PROMPT:
If the records below hold pictures, omit them, and print exactly the lines from the first line through the line containing "Figure 1B). Around", inclusive.

============

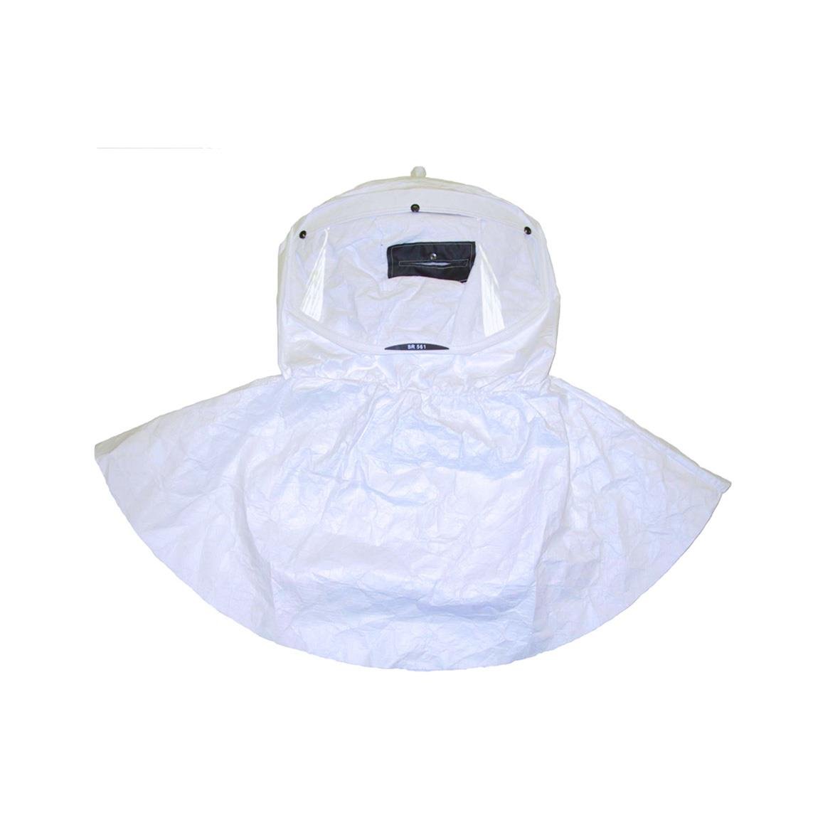 Utbytbar huva i Tyvek. Huvudställning ingår ej. En mycket lätt huva som skyddar huvudet och skuldrorna. Siktskiva i PETG. Endast i en storlek.
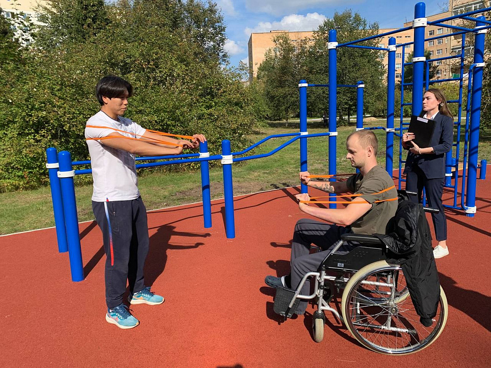 Кроме этого, на спортивной уличной площадки специалистами Паралимпийского комитета России были организованы консультации по использованию физических упражнений с эластичными лентами, необходимые для самостоятельной реабилитации и соревнования по воркауту.
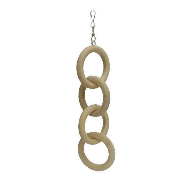 Dřevěné kruhy spojené do řetězu. Síla dřeva je cca 1cm, vnější průměr cca 8cm, hračka vhodná pro střední a velké papoušky, určena k šplhání, zavěšení pomocí karabiny. Díky obrtlíku se přišroubované očko nevytáhne ani když bude papoušek s kruhy točit.
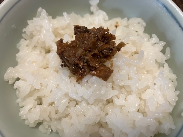 食してみると、商標登録されている「八幡鯛」のほぐし身を、国内産鰹と北海道南産昆布で炊かれた佃煮に、山椒と胡麻の風味がプラスされて、正に旨さの塊という感じ。この量でもご飯が少なすぎると感じられるほどの、納得の美味しさなのだ🤤。
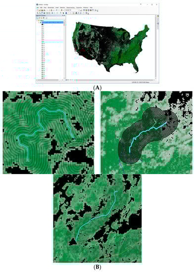 Figure 1B). Around each trail a series of rings was created. Each ring represents an additional growing distance of 45 m from the center of the trail. The average canopy coverage at a fixed time was analyzed for each ring.
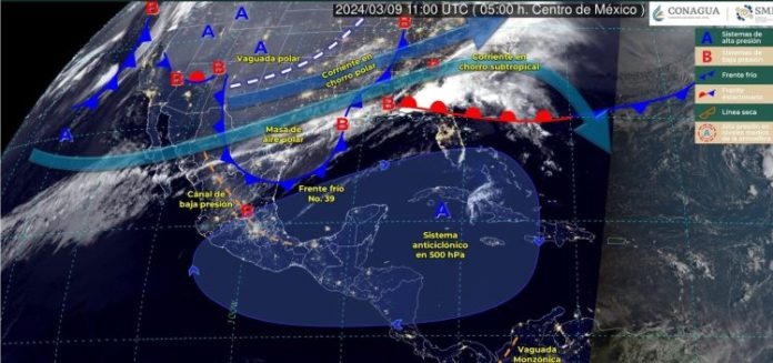 El SMN de la Conagua señaló que el frente frío número 39 recorrerá el oriente y sureste del territorio mexicano, interaccionará con un canal de baja presión sobre el sureste del país, propiciando lluvias puntuales fuertes en zonas de Puebla, Veracruz y Oaxaca.
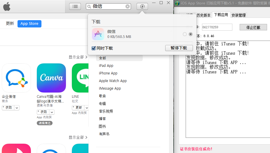 下载完app,iTunes和iOS旧版应用下载v5.1就可以退出了。

============

WRITTEN SOLUTION:
 Utbytbar huva i Tyvek. Huvudställning ingår ej. En mycket lätt huva som skyddar huvudet och skuldrorna. Siktskiva i PETG. Endast i en storlek.
 Кроме этого, на спортивной уличной площадки специалистами Паралимпийского комитета России были организованы консультации по использованию физических упражнений с эластичными лентами, необходимые для самостоятельной реабилитации и соревнования по воркауту.
 Dřevěné kruhy spojené do řetězu. Síla dřeva je cca 1cm, vnější průměr cca 8cm, hračka vhodná pro střední a velké papoušky, určena k šplhání, zavěšení pomocí karabiny. Díky obrtlíku se přišroubované očko nevytáhne ani když bude papoušek s kruhy točit.
 食してみると、商標登録されている「八幡鯛」のほぐし身を、国内産鰹と北海道南産昆布で炊かれた佃煮に、山椒と胡麻の風味がプラスされて、正に旨さの塊という感じ。この量でもご飯が少なすぎると感じられるほどの、納得の美味しさなのだ🤤。
 Figure 1B). Around each trail a series of rings was created. Each ring represents an additional growing distance of 45 m from the center of the trail. The average canopy coverage at a fixed time was analyzed for each ring.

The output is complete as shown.